However, this optimization problem cannot be addressed directly, as the ground-truth values are of course unknown, and we must therefore work with noisy estimates of variance and bias.

4 Statistical Filtering Framework

In this section, we develop our statistical filtering framework. Considering an abstract set of estimators \(\lbrace \hat{\theta }_i\rbrace\), we ask under which conditions combining a subset of these estimators improves mean squared error. Here, we approach the inherent noise-to-bias trade-off from a statistical perspective, formulating a membership function (m), fulfilling the requirements summarized in §4.1. We show how this approach relates to hypothesis testing in statistics, before describing the specifics of our image-space implementation in §5.

4.1 Problem Statement

Considering the general denoising problem introduced in §3, we formulate membership functions that decide which combinations of estimators are admissible during denoising, i.e., under which conditions the combination is likely to improve image quality. In particular, we require the following important properties:

(a) Pair-wise evaluation: for any pair of estimators \((\hat{\theta }_i, \hat{\theta }_j)\), m must be defined as a function of these estimators’ statistics only, i.e., \({m_{ij} = m(\mathcal {S}({\hat{\theta }_i}), \mathcal {S}({\hat{\theta }_j}))}\), where \(\mathcal {S}({\hat{\theta }_i})\) denotes descriptive sample statistics, such as \(\mu _i, \sigma ^2_i, M_{3,i}, M_{4,i}, \ldots\), of estimator \(\hat{\theta }_i\).

(b) Online statistics: all these statistics \(\mathcal {S}\) must be computable by an online algorithm, i.e., by updating their value one sample at a time during Monte Carlo (MC) rendering. Together with the pair-wise property, this requirement ensures that all components of our filtering pipeline can be implemented efficiently in terms of both parallel execution and memory usage.

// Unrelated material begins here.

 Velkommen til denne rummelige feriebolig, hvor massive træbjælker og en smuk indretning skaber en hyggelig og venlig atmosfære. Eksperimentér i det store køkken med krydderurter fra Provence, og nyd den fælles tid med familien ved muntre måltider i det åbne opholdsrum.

(c) Symmetry: we require that m_ij = m_ji. In practice, symmetry of weights enforces energy preservation during filtering. Relaxing this requirement sometimes produces visually more pleasing results around bright outliers (“fireflies”) at the cost of losing some overall brightness and possibly slightly higher mean squared error (MSE).

(d) Convergence: In order to guarantee convergence of the denoised result \(\tilde{\theta }_i \rightarrow \theta _i \; \forall i\) with increasing sample size, we require that the membership function satisfies

\begin{equation} \text{Var}(\hat{\theta }_i) \rightarrow 0 \Rightarrow m_{ij} = 0 \text{ if } \Vert \theta _i - \theta _j\Vert \gt 0. \end{equation}

(9)

In other words, as the variance approaches zero, the membership function must exclude estimator j from the combination with estimator i if there is any difference in their estimands, which would introduce bias.

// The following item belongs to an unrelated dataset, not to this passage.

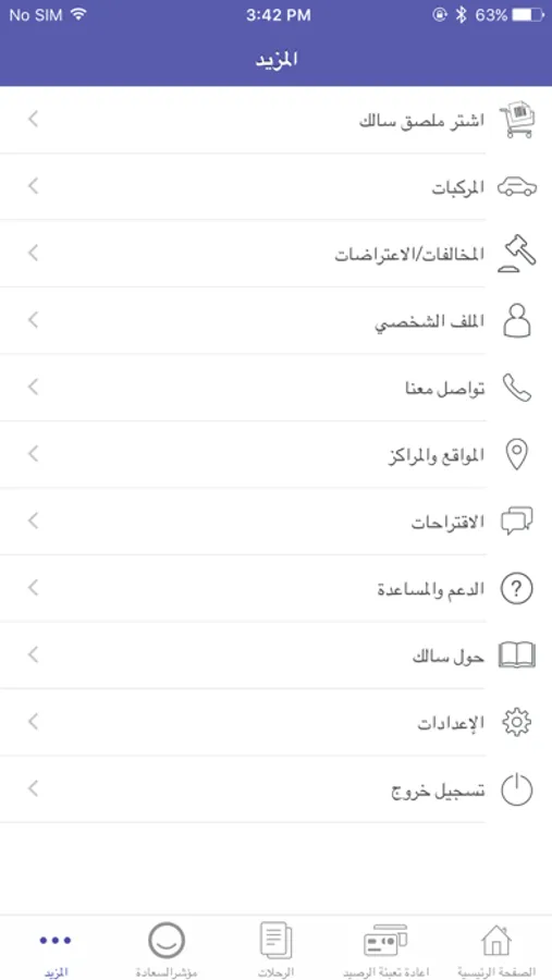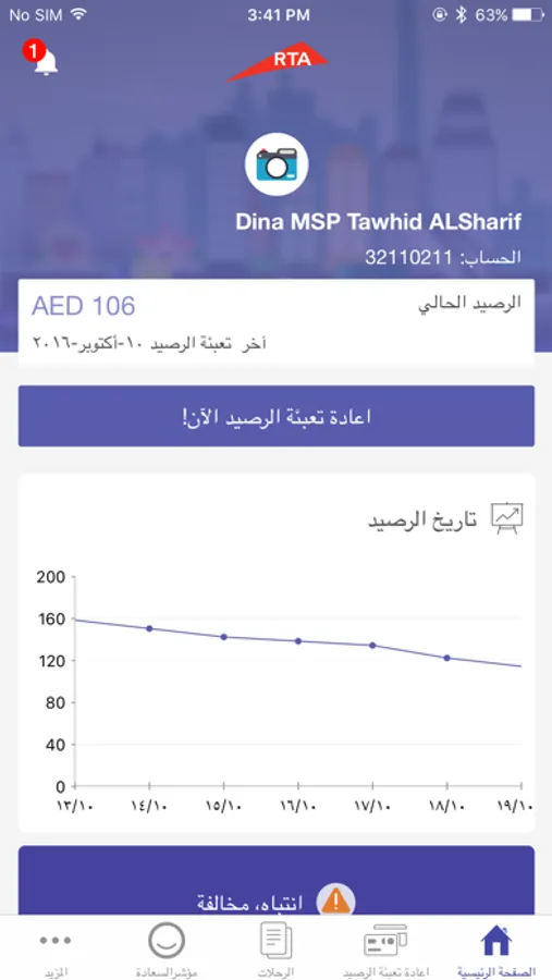 • عداد: ابق على دراية بآخر موعد لتعبئة حسابك لتجنب المخالفات.

(e) Identity : An estimator does not introduce additional bias to itself; we therefore set m_ii = 1 by definition.

Finally, we can state our main problem as finding membership functions m_ij that satisfy properties (a–e) and deliver the best possible variance–bias trade-off within these constraints.

4.2 Our Approach

Here, we describe our general framework for formulating statistics-based membership functions respecting the aforementioned requirements. We then use these functions to address the denoising problem, Eq. (8), by defining the filter weights in Eq. (4), as follows:

\begin{equation} \boxed{ w_{ij} = \frac{\rho _{ij} \; m_{ij}}{\sum \nolimits _i\rho _{ij} \; m_{ij}}. } \end{equation}

(10)

The first component of the weights, ρ_ij, provides the option to integrate existing filters based on a priori available information into our system. The main reasons for doing so are: (1) to limit the size of the filter kernel, thereby improving the runtime performance by limiting the amount of required membership-function evaluations; (2) to be able to build upon well-known existing approaches; and (3) to include additional low-noise a priori information available from the renderer (G-buffers, e.g., normals or albedos in image space). Note that while a priori information is often useful to preserve some features due to geometry or textures, it is inherently useless for other features that only manifest themselves through sampling (e.g., shadows or caustics). In this regard, our membership function and this a priori weight complement each other, incorporating both empirical and a priori information. In our implementation (§5), we set ρ_ij to represent a joint bilateral filter.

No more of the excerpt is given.